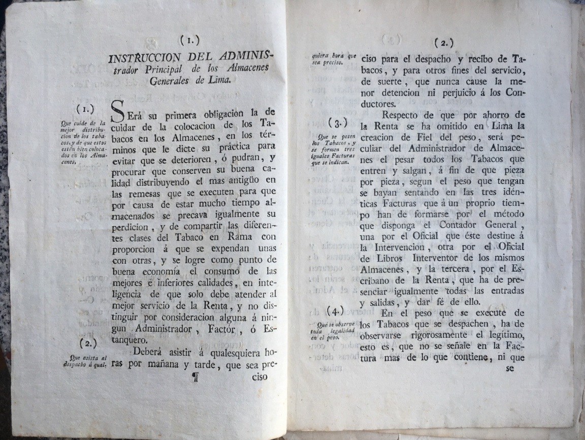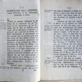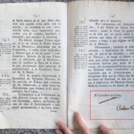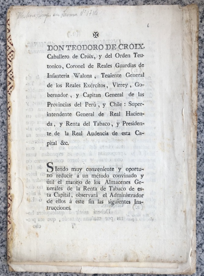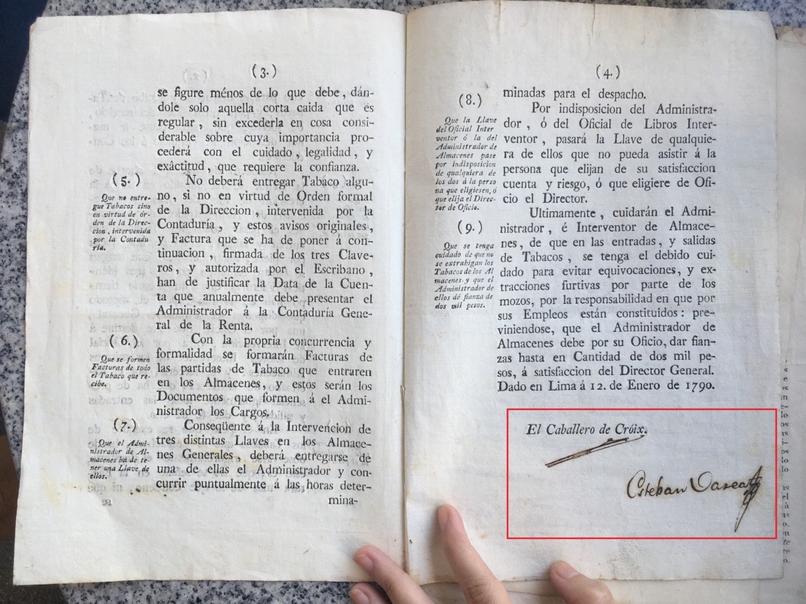 Impressão e assinatura manuscrita, 1790, instruções do Vice Rei Teodoro de Croix para a gestão de armazéns em Lima, relacionados à renda de tabaco, assinado pelo Vice Rei e pelo Secretário da Câmara Esteban de Varea.
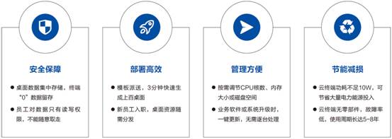深信服桌面云可實現桌面的快速部署及高效運維,大幅降低辦公桌面的運營成本,包括硬件更換成本、電費支出、人力資源投入等。
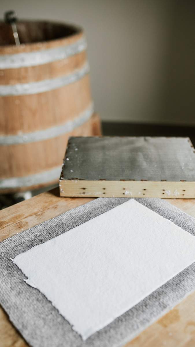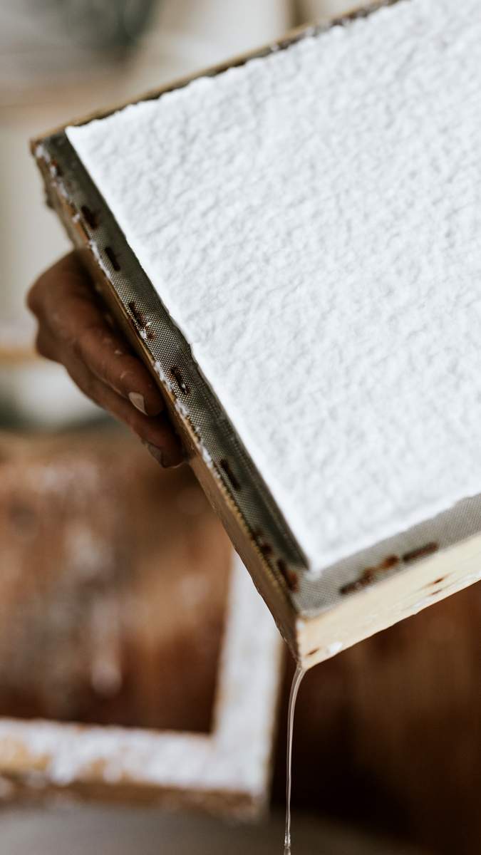 A papírpépből új, kézzel merített papírlapok készülnek, amelyekből meghívók, kártyák, jegyzetlapok vagy egyedi művészeti alkotások [...]
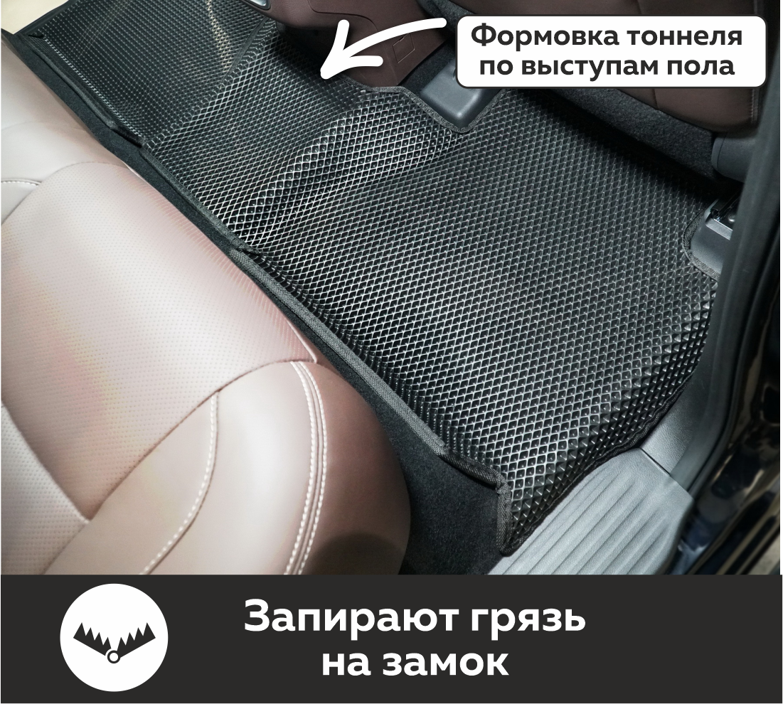 Изделия EVA имеют специальную ячеистую структуру (ячейки глубиной 8 мм), которая эффективно задерживает грязь и воду, оставляя вашу обувь и поверхность обивки салона или багажника абсолютно чистыми. Также эти ячейки очень легко и быстро очищаются без применения специальных инструментов, в том числе, при помощи бесконтактной мойки.

■ Task brief ■
What is needed is a word-for-word copy of the lines from the start of the data to the line with "深信服桌面云可實現桌面的快速", inclusive, with no pictures in it.

■ Exercise answer ■
 Impressão e assinatura manuscrita, 1790, instruções do Vice Rei Teodoro de Croix para a gestão de armazéns em Lima, relacionados à renda de tabaco, assinado pelo Vice Rei e pelo Secretário da Câmara Esteban de Varea.
深信服桌面云可實現桌面的快速部署及高效運維,大幅降低辦公桌面的運營成本,包括硬件更換成本、電費支出、人力資源投入等。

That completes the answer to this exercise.